■ Task directions
Please reproduce verbatim the lines below, from the first through the one with "На рисунке изображены".
[[ Record set, beginning ]]
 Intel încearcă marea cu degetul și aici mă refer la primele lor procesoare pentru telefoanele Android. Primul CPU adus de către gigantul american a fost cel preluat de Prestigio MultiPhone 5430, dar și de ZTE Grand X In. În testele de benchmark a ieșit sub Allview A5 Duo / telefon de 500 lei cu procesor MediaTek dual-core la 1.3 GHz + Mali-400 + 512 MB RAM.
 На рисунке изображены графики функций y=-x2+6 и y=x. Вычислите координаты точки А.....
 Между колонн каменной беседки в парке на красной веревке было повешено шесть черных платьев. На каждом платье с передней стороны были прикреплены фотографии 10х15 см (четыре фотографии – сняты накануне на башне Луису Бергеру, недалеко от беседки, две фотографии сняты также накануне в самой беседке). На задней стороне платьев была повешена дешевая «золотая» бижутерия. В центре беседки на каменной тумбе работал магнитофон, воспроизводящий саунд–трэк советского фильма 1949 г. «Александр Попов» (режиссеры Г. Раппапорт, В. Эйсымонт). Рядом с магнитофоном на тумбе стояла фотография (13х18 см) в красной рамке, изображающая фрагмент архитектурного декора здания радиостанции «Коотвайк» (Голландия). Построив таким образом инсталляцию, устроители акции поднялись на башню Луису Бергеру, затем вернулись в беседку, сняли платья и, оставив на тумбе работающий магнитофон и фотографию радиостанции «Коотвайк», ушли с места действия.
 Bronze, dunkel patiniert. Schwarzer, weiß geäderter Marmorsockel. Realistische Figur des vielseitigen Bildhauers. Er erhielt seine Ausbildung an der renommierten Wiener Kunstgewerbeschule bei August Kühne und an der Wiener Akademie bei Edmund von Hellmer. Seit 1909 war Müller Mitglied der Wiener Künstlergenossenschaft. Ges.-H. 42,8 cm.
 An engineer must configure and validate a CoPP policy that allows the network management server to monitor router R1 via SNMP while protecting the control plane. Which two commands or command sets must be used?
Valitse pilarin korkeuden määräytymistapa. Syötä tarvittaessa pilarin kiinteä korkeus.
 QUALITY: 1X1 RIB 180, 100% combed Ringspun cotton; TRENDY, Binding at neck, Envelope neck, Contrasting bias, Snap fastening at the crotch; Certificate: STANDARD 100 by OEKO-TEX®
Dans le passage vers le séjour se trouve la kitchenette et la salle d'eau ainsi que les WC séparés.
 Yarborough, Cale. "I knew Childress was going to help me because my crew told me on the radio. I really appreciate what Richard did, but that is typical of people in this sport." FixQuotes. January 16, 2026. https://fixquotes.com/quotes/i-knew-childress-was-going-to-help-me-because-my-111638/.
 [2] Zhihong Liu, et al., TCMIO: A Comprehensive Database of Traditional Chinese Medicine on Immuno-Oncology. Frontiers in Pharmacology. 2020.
[[ Record set, end ]]
■ Result of this exercise
 Intel încearcă marea cu degetul și aici mă refer la primele lor procesoare pentru telefoanele Android. Primul CPU adus de către gigantul american a fost cel preluat de Prestigio MultiPhone 5430, dar și de ZTE Grand X In. În testele de benchmark a ieșit sub Allview A5 Duo / telefon de 500 lei cu procesor MediaTek dual-core la 1.3 GHz + Mali-400 + 512 MB RAM.
 На рисунке изображены графики функций y=-x2+6 и y=x. Вычислите координаты точки А.....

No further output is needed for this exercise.